What I mean is that we all have unspoken preconceptions of how we see the world. One of the biggest of these is a simple Manichaeism: good vs evil, God vs Devil, right vs wrong, heroes vs villains, and so on.

Helen Lewis expressed this recently when shee tweeted that "I feel like Twitter encourages you to reject a writer if they are discovered to have the "incorrect" opinion on any topic": she wants writers to split nicely between good and bad. We see it too in the urge to ban things: "we" are right, "they" are wrong and so must be banned. I suspect it also lies behind reactions to Lena Dunham's account of looking at her sister's vagina: some feminists felt dissonance that one of their heroes could commit "child abuse" and some rightists rejoiced that another liberal turned out to be villanous (whilst the rest of us just saw normalish child behaviour and yawned).

You might think these are silly, trivial, examples.

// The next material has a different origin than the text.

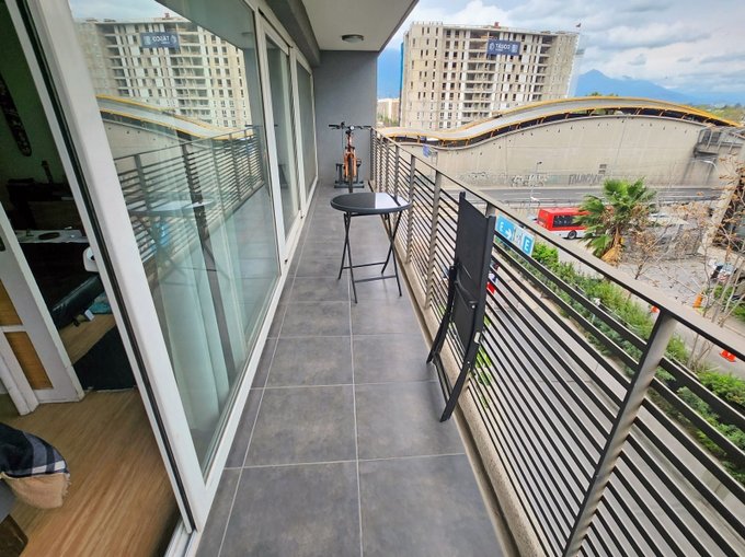 - 50m2 útiles y 10m2 de terraza en living y dormitorios, con orientación Sur y vista hacia edificio comercial Autopista Vespucio (gente solo en horario de oficina)

But we see the same thing in supposedly "serious" politics. The desire for a strong leader - usually an idealized version of ourselves - is the urge for a hero. And for years, we've seen it in foreign policy. When Communism collapsed, some cold warriors proclaimed the end of history and the triumph of liberal market democracy. The rise of Putin and the oligarchs disproved that. Not that many learned from this. Many western policy-makers have assumed that opponents of "baddies" such as Saddam, Assad and the Taleban were "goodies" and that the alternative to tyranny was liberal democracy rather than corruption, tribalism and religious bigotry.

It's in this context that Hammett is a great corrective. In Red Harvest, there are no heroes. The main protagonist is a liar, extortioner and murderer who reasonably fears that violence is turning him "blood simple", and alliances last only as long as self-interest warrants. This is surely a better template for our world than a simplistic "good vs bad" - and not just in the middle east.

Which poses the question. Why do we cleave to the presumption of Manichaeism rather than the Hammettian conception?* I suspect the answer lies more in psychology than in facts. We want to preserve what Richard Sennett called a purified identity and hunger for what Christopher Lasch called "psychic security". In an age of narcissism people want to believe - often without troubling to read a word of moral philosophy - that they are right and others wrong and the wish is the father to the thought.

* You might reply that we don't. Breaking Bad and The Wire both successfully rejected the heroes vs villains paradigm. But the point about those shows is that pretty much nobody watched them.